Is the Smartphone Smart Enough to Treat Major Depression?


A clinical trial is evaluating the use of the Kokoro app to deliver a smartphone-based CBT program to patients being treated for depression.

Major depression is debilitating and difficult to treat. While pharmacotherapy, mostly in the form of antidepressants, is typically first-line treatment for most patients suffering from depression, several studies have shown that cognitive-behavior therapy (CBT), either alone or in combination with medication, can be an effective treatment option as well.

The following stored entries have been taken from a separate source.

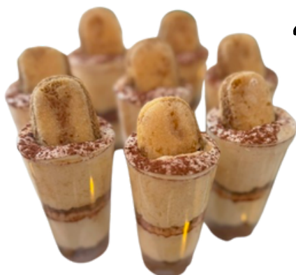
15+ Flavor Options!

ALL ITEMS ARE MADE WITH LOVE IN A KITCHEN THAT MAY CONTAIN TRACES OF: PEANUTS, TREE NUTS, MILK, EGGS, WHEAT, SOY, AND SHELLFISH
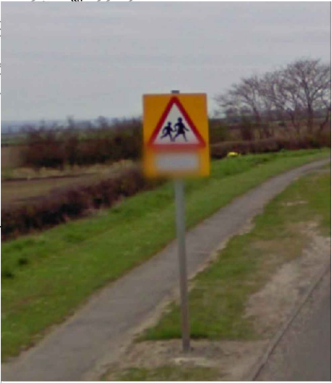
Take down and dispose of existing sign assembly and Install new sign assembly as shown on 4230mm x 89mmØ power post in grass verge ducting required to L/C. As per sign schedule 1.
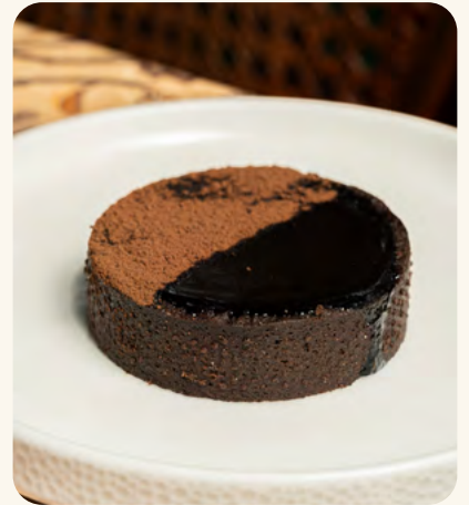
CHOCO TART 69k A rich, indulgent pastry for chocolate lovers
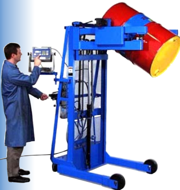
Model 515-T-114 shown is equipped with an intrinsically safe scale and air powered lift and tilt.

Vertical-Lift Drum Pourers are available with optional spark resistant monel parts, such as drum holder bands.
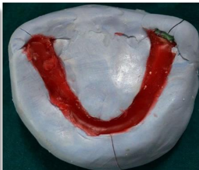
Fig. 5: Putty index
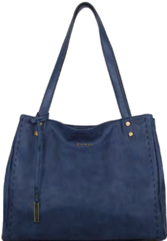
Gerbera shopper - 30993
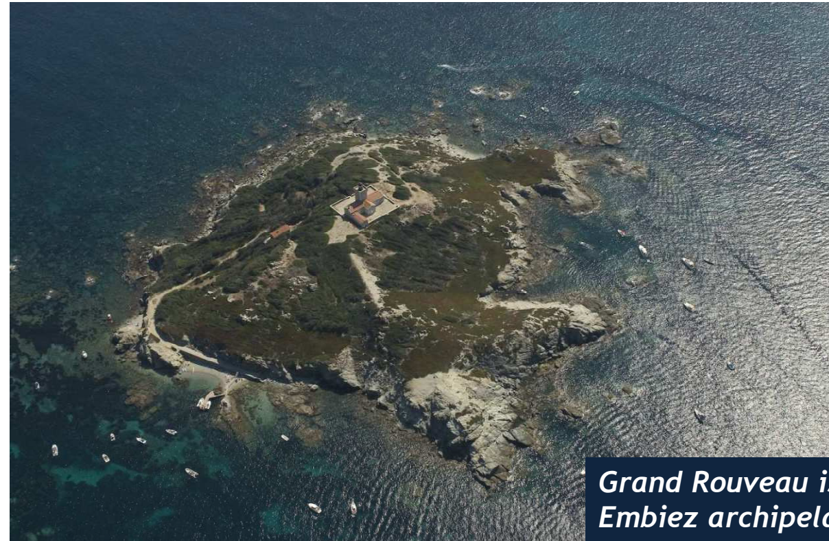
Grand Rouveau island Embiez archipelago Var - France
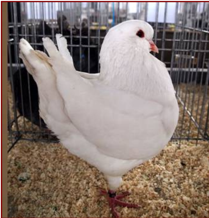
Left: King, white, female. 96 Points.
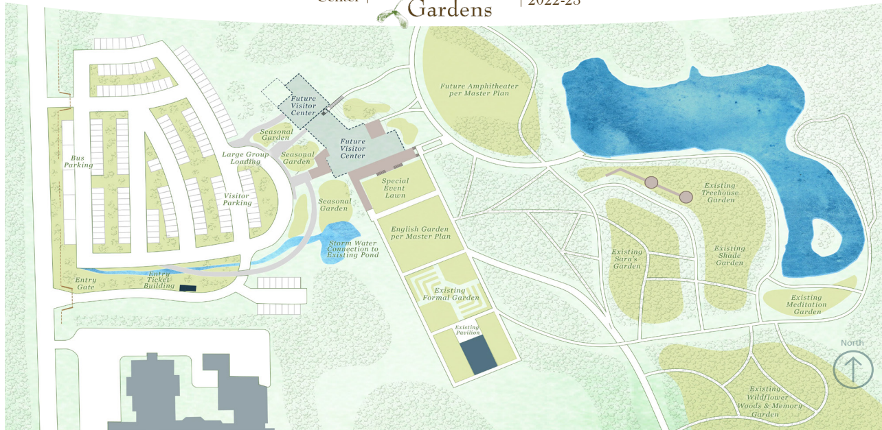
Proposed Site Plan Monk Botanical Gardens | 08.23.2022
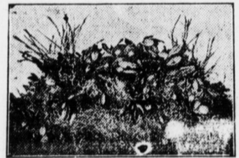
CENTERPIECE OF HOLLY, MOSS AND ORANGES.

For a place card use a poinsettia blossom, with a tiny doll head set in the cup of flowers. Should one not wish to use the poinsettia plants as favors the small red sleds filled with candy
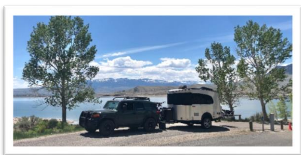
Buffalo Bill State Park in Cody, Wyoming

The challenge with CBT, however, is that it requires experienced therapy and substantive dedicated time to be effective; a typical course of CBT involves up to sixteen 1-hour face-to-face sessions led by an experienced therapist.What if, a new study in the journal Trials asks, CBT could be effectively given by that most ubiquitous of tools: the smartphone?

Previous studies of computer- or internet-based CBT “led to a greater proportion of dropouts but to better efficacy at an effect size of 0.48 (0.33 to 0.63) in the short-term follow up than those in control conditions, whilst to neither superiority nor inferiority in the long term,” the study authors note. They posited that a smartphone-based treatment, with its greater portability and accessibility, might be more effective.

The study authors describe a currently underway multi-center, randomized trial being conducted since September 2014. The trial is testing a 9-month, smartphone-based CBT program named the “Kokoro App.” The study is looking at the effectiveness of switching antidepressants and starting the smartphone-based CBT program at the same time, in comparison to switching antidepressants only, among patients still suffering from depression after adequate antidepressant treatment.

The program consists of an introduction, followed by 6 sessions and an epilogue. It is designed to be completed by patients within 9 weeks. The trial involves 164 patients with major depressive disorder and still suffering from depressive symptoms after adequate antidepressant treatment for more than 4 weeks. The primary outcome will be the change in the total score on the Patient Health Questionnaire through the 9 weeks of the program, as assessed at week 0, 1, 5 and 9 via telephone by blinded raters. Secondary outcomes include the change in the total score of the Beck Depression Inventory-II, change in side effects as assessed by the Frequency, Intensity and Burden of Side Effects Rating, and treatment satisfaction.

The Kokoro-App, available on Apple iPhones and iPads has been developed based on an empirically supported CBT manual and pilot-tested for feasibility and acceptability. It consists of eight sections, including one introductory section, two sessions on self-monitoring, two sessions on behavioral activation, two sessions on cognitive restructuring, and one epilogue. Participants need to complete additional “homework” between sessions. Each session takes approximately 30 minutes. Participants and their attending physicians can check the entries made by the participants into the program and discuss during their consultations.

The study period of the trial is from September, 2014 to March, 2017.